INPUT DATA:

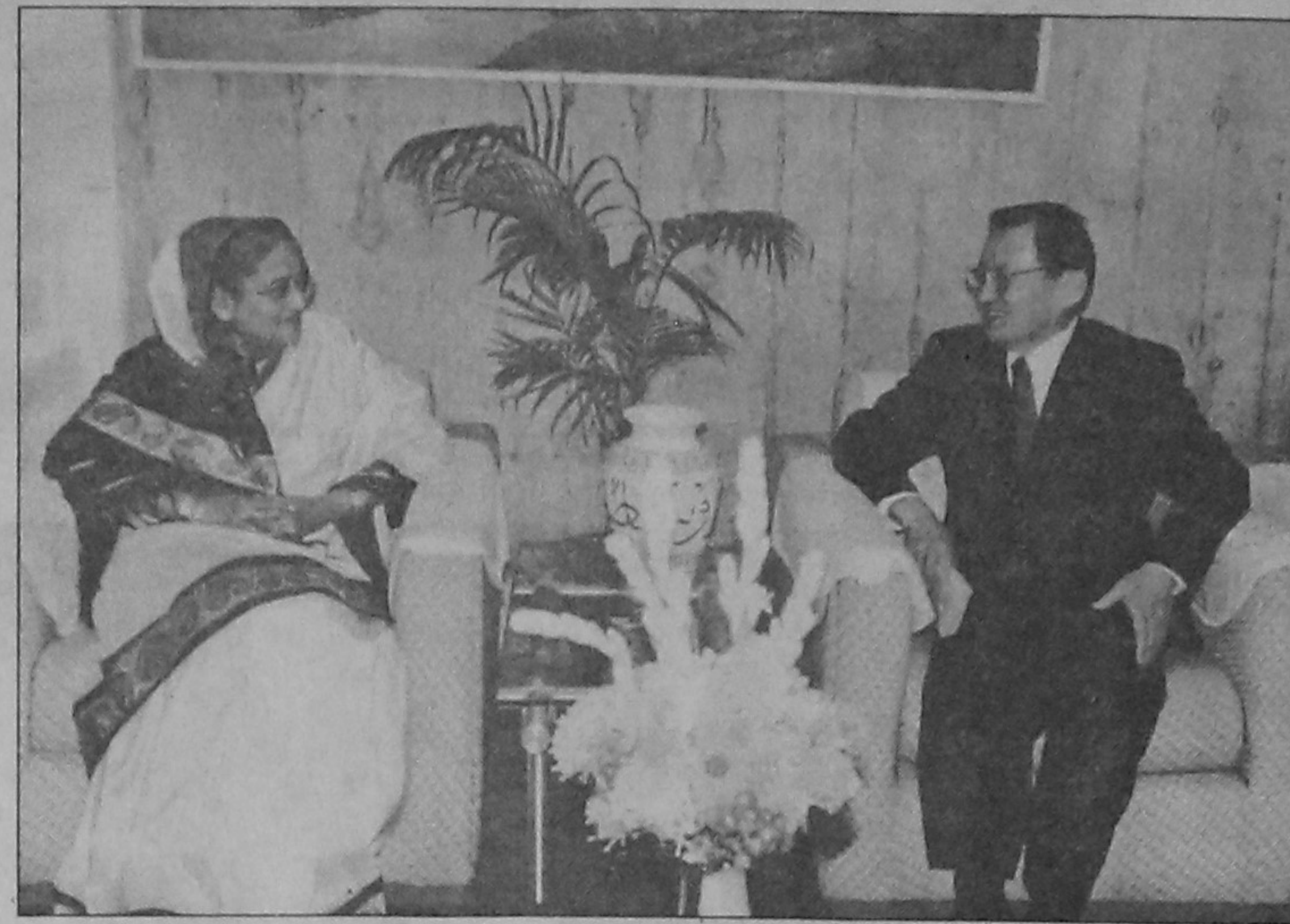
Asian Development Bank president Tadao Chino (right) called on Prime Minister Sheikh Hasina at her Parliament office yesterday.
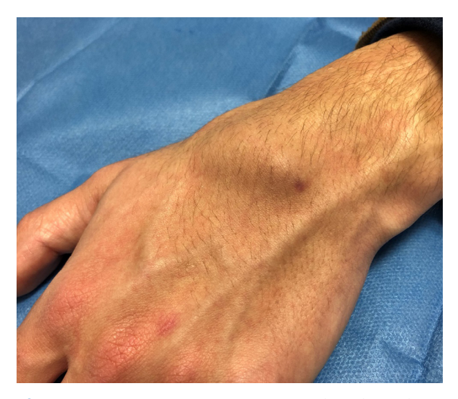
Figure 1. Nodular swelling on the dorsal surface of the left carpus at physical examination.

At this moment, the patient had a magnetic resonance of the wrist, which revealed a large lobulated formation with irregular contours on the dorsal surface of the wrist, hypointense in T1 sequence and with intermediate signal in T2 sequence (Figure 2A-B). The main diagnostic hypothesis suggested from these findings was a synovial proliferative process of undetermined nature.
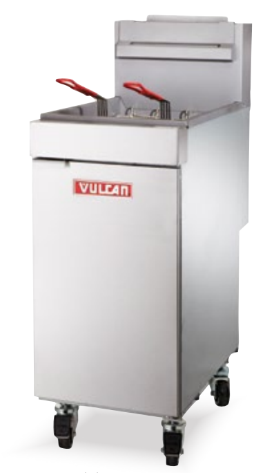
Model LG300 Shown with accessory casters
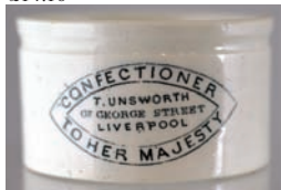
MP29. LIVERPOOL/ T UNSWORTH. 3ins diam, 5 lines, 2 written within point edged border. Tiny real lip flake. £14.16
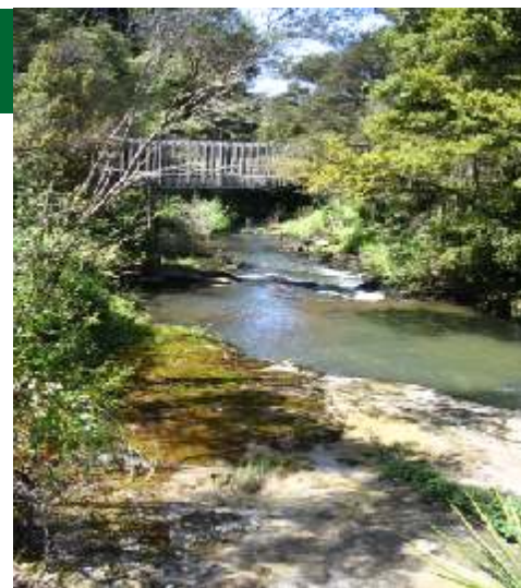
The footbridge over Hungry Creek

Extra materials/equipment up to $1000 depending on the student's major area of study.
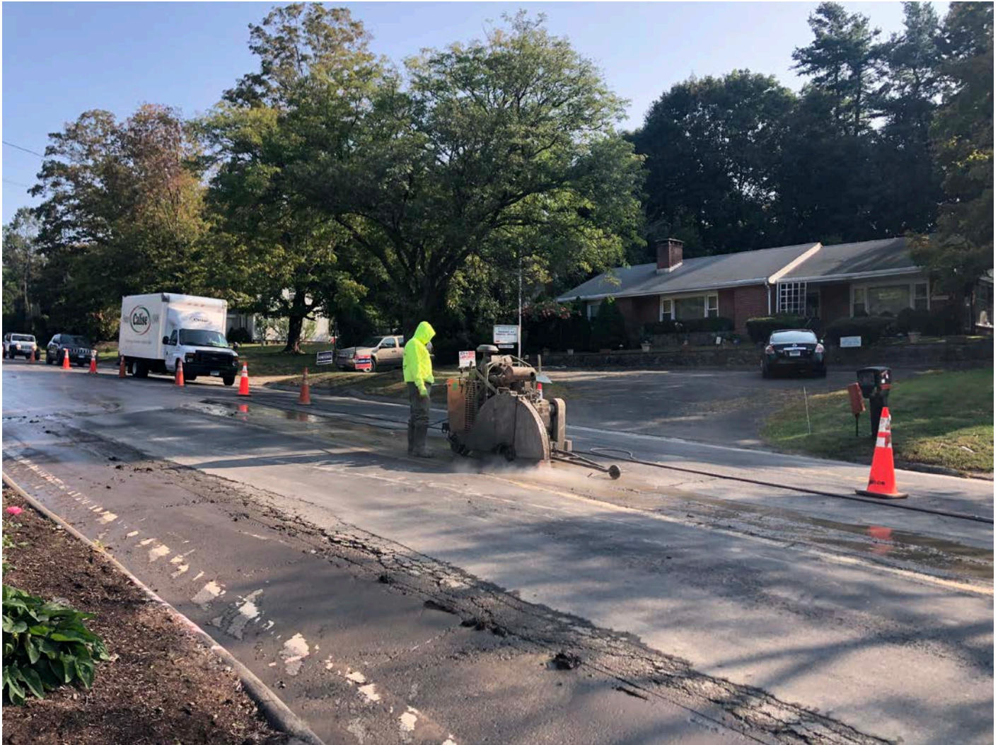
Picture 6: Veilleux saw cutting pavement at Station 155+00 on Main Street, Durham. View to the northeast.
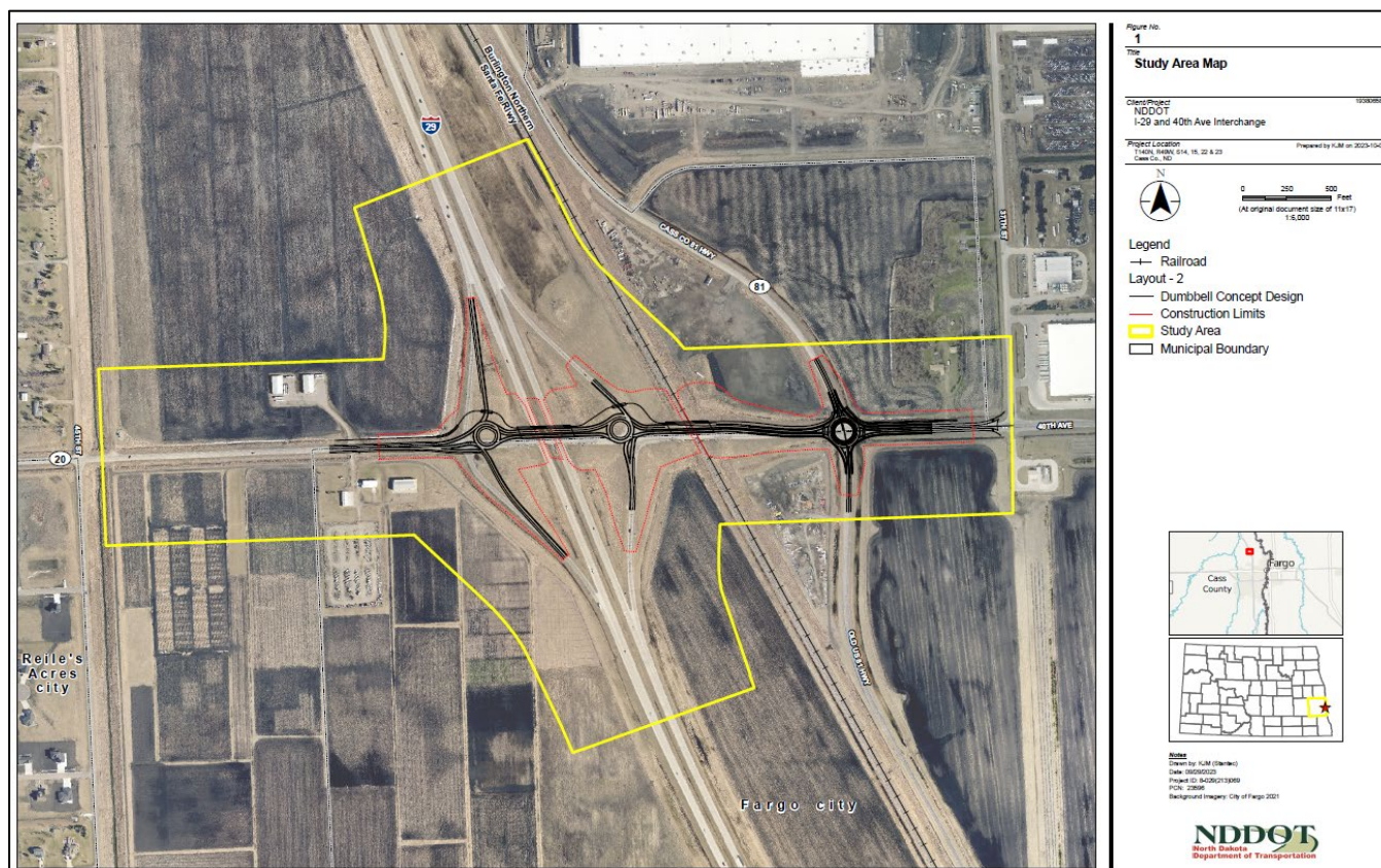
Figure 1 - Project Location Map: I-29 and 40 th Avenue North Interchange
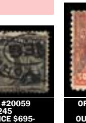
OFFER #20060 #260 OUR PRICE $60-
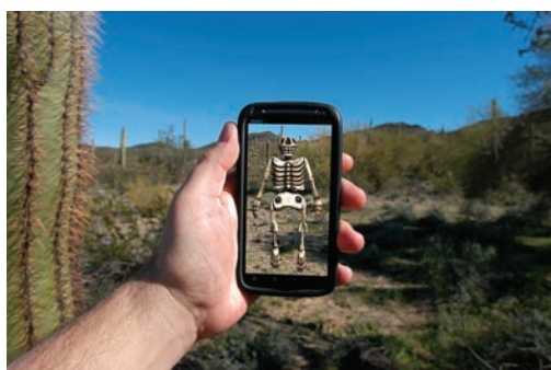
John Craig Freeman. Border Memorial : Frontera de los muertos , 2012. Augmented reality public art, Arizona, USA.

mobile devices. The white cube is thus virtually “invaded,” as artists (and the public) are now able to “write” on the walls of the museum, a twist that reminds us of the changes web 2.0 technologies brought to the previously static World Wide Web. It is tempting to state that AR interventions are redefining the gallery space, but that would take us to the utopian vision of the early net artists, who proclaimed “to be bypassing art institutions” 10 and conceiving of the Internet as a temporary autonomous zone, in which individuals would be on the same level as institutions and the roles of the main actors in the art world would disintegrate and mutate. Net art did not disintegrate the hierarchies of the art world, but rather has been (partly) assimilated by them. AR art may follow the same path, precisely to the extent in which its manifestations tend to support the concept of a white cube where “things become art.” The white cube, in this way, is
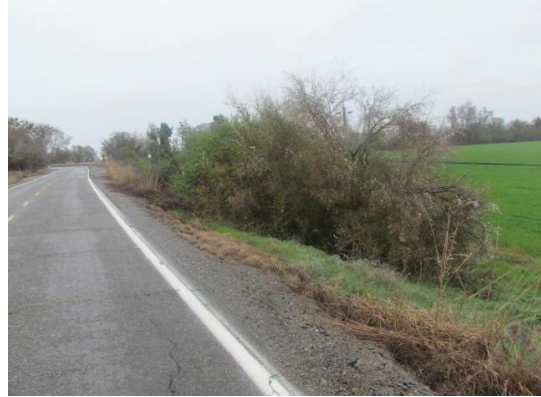
Looking south at dense vegetation on landside slope and toe spring 2012.
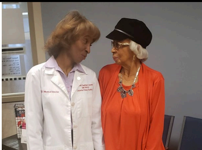
Beloved Patient – (now deceased)
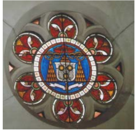
5. Cardinal Moran's arms by Ashwin & Falconer, Cardinal's Palace.

Stained glass by the sea: Cover image 1. Detail of St Bartholomew by John Hardman & Co., Cerretti Chapel.
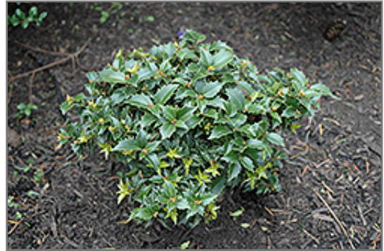
Rock Garden Holly
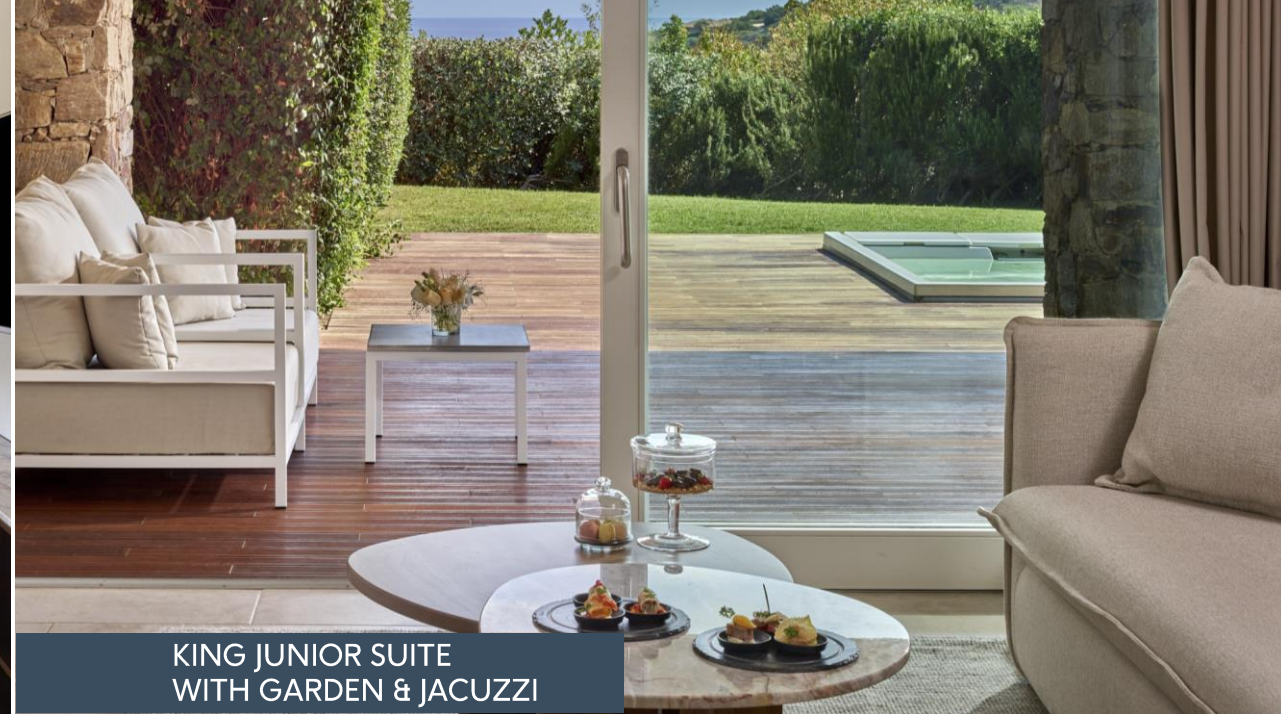
KING JUNIOR SUITE WITH GARDEN & JACUZZI
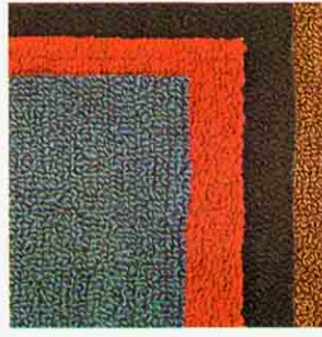
DELUXE CARPETING , wall to wall, makes stepping into the Skylark convertible a pleasure. Choice of many beautiful decorator colors.
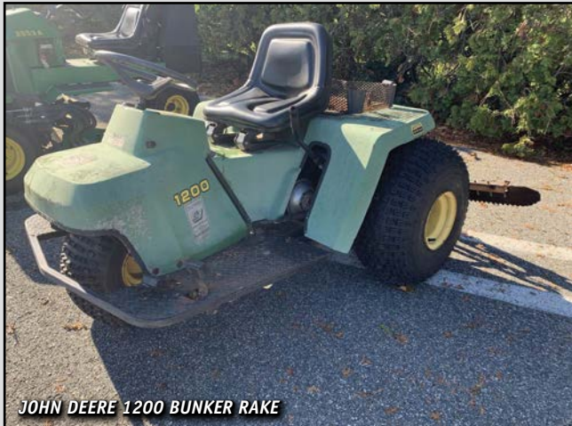
JOHN DEERE 1200 BUNKER RAKE
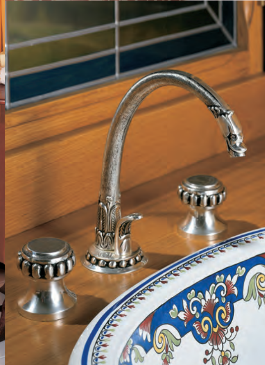
Above: 3630.56 “Monarque” Exp. Tub & Shower Mixer in Pol. Nickel (56). Below: 2232.53 “Pompadour” Wide-spread Lavatory Set in Old Silver (53).
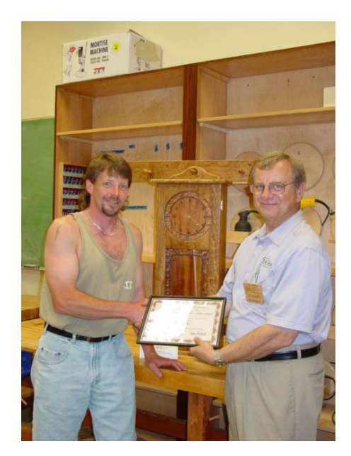
T. R. McNulty Clock
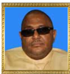
Hon. ABUBAKAR Zein Abubakar
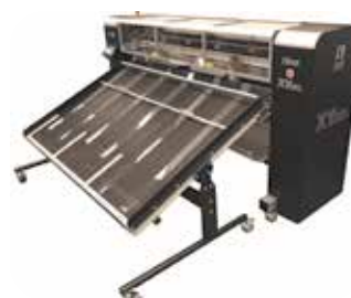
Table for copies collection (optional)
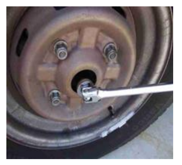
Before putting the LS on jackstands, break the 30mm locknut loose on the wheel hub. Once you have loosened the nut and it is almost off, tap it with a board and hammer to break the spline loose. You should have about 3/4" of lateral movement in the axle.
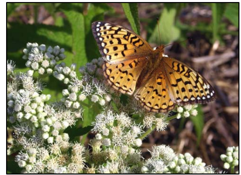
Butterfly on Boneset
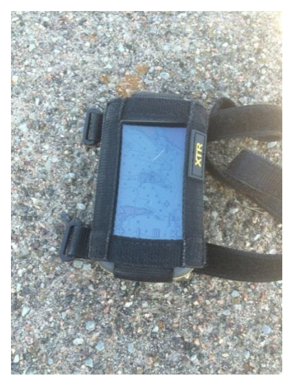
Figure 3 Garmin Montana with custom made wrist strap.

Others use an iPad in a waterproof pocket, but they sometimes have problems with reading fingers in wet conditions and/or battery not lasting long enough.
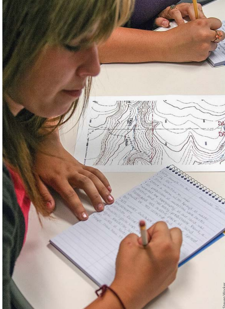
Youth work with topographical maps to learn how the impact of pollutants varies depending on the natural landscape and types of human activities.

The 20 questions on the second survey related to life skills, including wise use
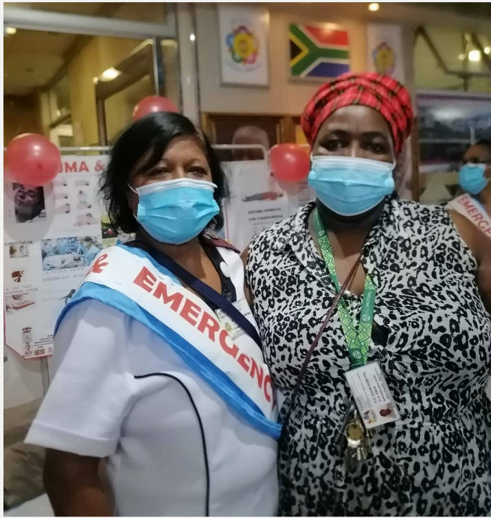
Emergency & Trauma Unit showcased their services during Open Day 2022
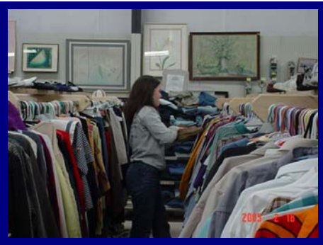
Organizing clothing in the Second Blessings thrift store

We are continually grateful for the way that God continues to work in the lives of our students, alumni, and staff in extending the Kingdom of God throughout this world. We look forward to seeing how God will use each of us in His master plan to reach the world for Jesus Christ.
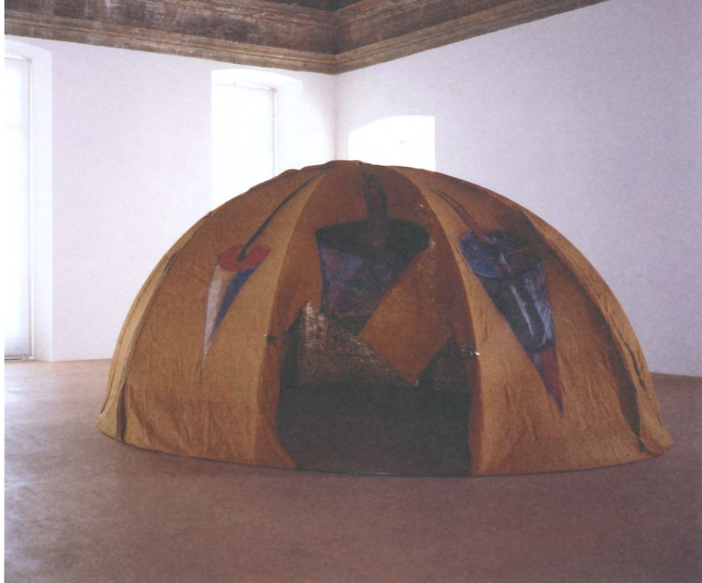
Igloo (Tenda di Gheddafi) [Igloo (Qaddafi's tent)], 1968–1981 Castello di Rivoli Museo d'Arte Contemporanea, Turin.

Associated with the arte povera movement that favored the use of “poor” materials from nature and from the waste of the consumer society, Mario Merz (Milan, 1925–2003) is a key figure for understanding the evolution of European art in the second half of the twentieth century. Merz created a conceptually rigorous oeuvre of great poetic and iconographic power that was also a radical critique of industrial and consumerist modernity. He believed that the zeal to accumulate drove human beings away from nature and into an alienated life from which consciousness of communal life had been banished, along with the possibility of establishing emotional rather than merely instrumental connections with the environment.

GOAL OF THE EXERCISE:
Word for word, reproduce the listing above; no image should be carried over.

PROBLEM SOLUTION:
Asian Development Bank president Tadao Chino (right) called on Prime Minister Sheikh Hasina at her Parliament office yesterday.
Figure 1. Nodular swelling on the dorsal surface of the left carpus at physical examination.

At this moment, the patient had a magnetic resonance of the wrist, which revealed a large lobulated formation with irregular contours on the dorsal surface of the wrist, hypointense in T1 sequence and with intermediate signal in T2 sequence (Figure 2A-B). The main diagnostic hypothesis suggested from these findings was a synovial proliferative process of undetermined nature.
Model LG300 Shown with accessory casters
MP29. LIVERPOOL/ T UNSWORTH. 3ins diam, 5 lines, 2 written within point edged border. Tiny real lip flake. £14.16
The footbridge over Hungry Creek

Extra materials/equipment up to $1000 depending on the student's major area of study.
Picture 6: Veilleux saw cutting pavement at Station 155+00 on Main Street, Durham. View to the northeast.
Figure 1 - Project Location Map: I-29 and 40 th Avenue North Interchange
OFFER #20060 #260 OUR PRICE $60-
John Craig Freeman. Border Memorial : Frontera de los muertos , 2012. Augmented reality public art, Arizona, USA.

mobile devices. The white cube is thus virtually “invaded,” as artists (and the public) are now able to “write” on the walls of the museum, a twist that reminds us of the changes web 2.0 technologies brought to the previously static World Wide Web. It is tempting to state that AR interventions are redefining the gallery space, but that would take us to the utopian vision of the early net artists, who proclaimed “to be bypassing art institutions” 10 and conceiving of the Internet as a temporary autonomous zone, in which individuals would be on the same level as institutions and the roles of the main actors in the art world would disintegrate and mutate. Net art did not disintegrate the hierarchies of the art world, but rather has been (partly) assimilated by them. AR art may follow the same path, precisely to the extent in which its manifestations tend to support the concept of a white cube where “things become art.” The white cube, in this way, is
Looking south at dense vegetation on landside slope and toe spring 2012.
Beloved Patient – (now deceased)
5. Cardinal Moran's arms by Ashwin & Falconer, Cardinal's Palace.

Stained glass by the sea: Cover image 1. Detail of St Bartholomew by John Hardman & Co., Cerretti Chapel.
Rock Garden Holly
KING JUNIOR SUITE WITH GARDEN & JACUZZI
DELUXE CARPETING , wall to wall, makes stepping into the Skylark convertible a pleasure. Choice of many beautiful decorator colors.
JOHN DEERE 1200 BUNKER RAKE
Above: 3630.56 “Monarque” Exp. Tub & Shower Mixer in Pol. Nickel (56). Below: 2232.53 “Pompadour” Wide-spread Lavatory Set in Old Silver (53).
T. R. McNulty Clock
Hon. ABUBAKAR Zein Abubakar
Table for copies collection (optional)
Before putting the LS on jackstands, break the 30mm locknut loose on the wheel hub. Once you have loosened the nut and it is almost off, tap it with a board and hammer to break the spline loose. You should have about 3/4" of lateral movement in the axle.
Butterfly on Boneset
Figure 3 Garmin Montana with custom made wrist strap.

Others use an iPad in a waterproof pocket, but they sometimes have problems with reading fingers in wet conditions and/or battery not lasting long enough.
Youth work with topographical maps to learn how the impact of pollutants varies depending on the natural landscape and types of human activities.

The 20 questions on the second survey related to life skills, including wise use
Emergency & Trauma Unit showcased their services during Open Day 2022
Organizing clothing in the Second Blessings thrift store

We are continually grateful for the way that God continues to work in the lives of our students, alumni, and staff in extending the Kingdom of God throughout this world. We look forward to seeing how God will use each of us in His master plan to reach the world for Jesus Christ.
Igloo (Tenda di Gheddafi) [Igloo (Qaddafi's tent)], 1968–1981 Castello di Rivoli Museo d'Arte Contemporanea, Turin.

Associated with the arte povera movement that favored the use of “poor” materials from nature and from the waste of the consumer society, Mario Merz (Milan, 1925–2003) is a key figure for understanding the evolution of European art in the second half of the twentieth century. Merz created a conceptually rigorous oeuvre of great poetic and iconographic power that was also a radical critique of industrial and consumerist modernity. He believed that the zeal to accumulate drove human beings away from nature and into an alienated life from which consciousness of communal life had been banished, along with the possibility of establishing emotional rather than merely instrumental connections with the environment.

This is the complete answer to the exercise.